POPULIST AND PUERILE
Sanjay Jadhav's Fakt Ladh Mhana has Mahesh Manjrekar's stamp all over it. It's loud, unimaginative, and has a ragtag bunch of goons at its centre. Like most of Manjrekar's cinema, it also tries to tackle a contemporary socio-political issue without approaching it with any seriousness. In this case, the proposed SEZs in the Konkan region and the plight of farmers caught in the quagmire of land aquisitions by large corporations (there's an industrialist in the film who's ranked 7th of the Forbes international list, and no prizes for guessing who that's meant to be) facilitated by greedy politicians, forms the central conflict.
It's a theme worth tackling. Except Manjrekar (the writer) and Jadhav focus more on the bravado of the goons and gratuitous violence than on the plight of the farmers. While the trigger for the crisis is the killing of a war veteran (cliche, cliche) in order to grab his prime land, before long the scene shifts to a slum in Mahim which forms the adda of this gang (with Manjrekar as the boss) and it so happens that the solider-farmer's nephew (Bharat Jadhav) too is now a part of this outfit.
It's not inconceivable to imagine gangsters being a notch above dirty politicians in the hierarchy of depravation. In this case, minister Patil (Sachin Khedekar, dependable as always) and his brother function as warlords of the region and have everyone from the cops to loyal mediamen in their pockets.
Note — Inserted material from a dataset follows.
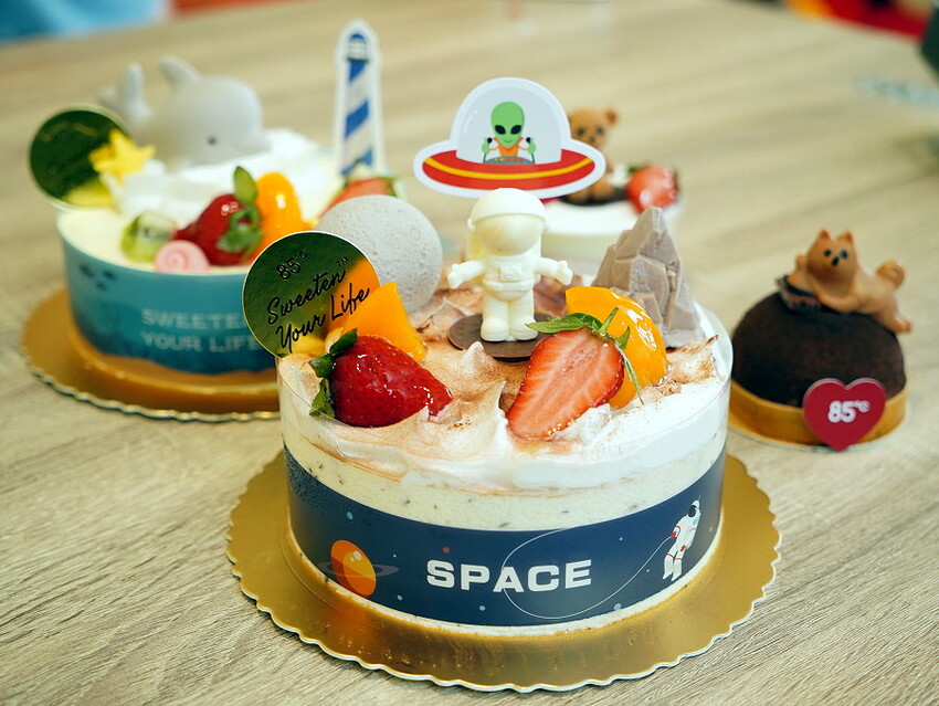 ▼這次85度C推出的兒童節蛋糕主題為「太空 FUN 樂園」,一共有太空漫遊(470元/6吋)、海洋奇緣(460元/6吋)、泰迪寶寶(75元/切片)、天生我柴(67元/切片)等四款造型蛋糕,不管是6吋還是個人獨享通通有,份量剛好,完全不用擔心會吃不完;而且這四款兒童節蛋糕都很適合當作派對蛋糕,大家可以依照人數多寡來挑選,還有多元的造型可供選擇,擺出來整個加分不少!

The soldier-farmer's semi-retarded son rushes to the city to ask for his cousin's help and so the gang arrives in the village to resolve the issue as only they can—by wrecking up the place in a senseless bloodbath. The politician, being even more vicious, uses all his might to try and annihilate them. No prizes for guessing who wins the contest.
Perhaps it isn't possible to win the battle of righteousness through the route of law. When all else fails, revolutionaries are born. But these guys aren't revolutionaries who effect any change at all. It's merely a case of personal vendetta and the end of one particularly evil man. Nowever does the film attempt to actually address the issue of corruption and the tragedy of common folk at the mercy of a system that consistently fails them.
And in that, it's just another exploitative B-movie.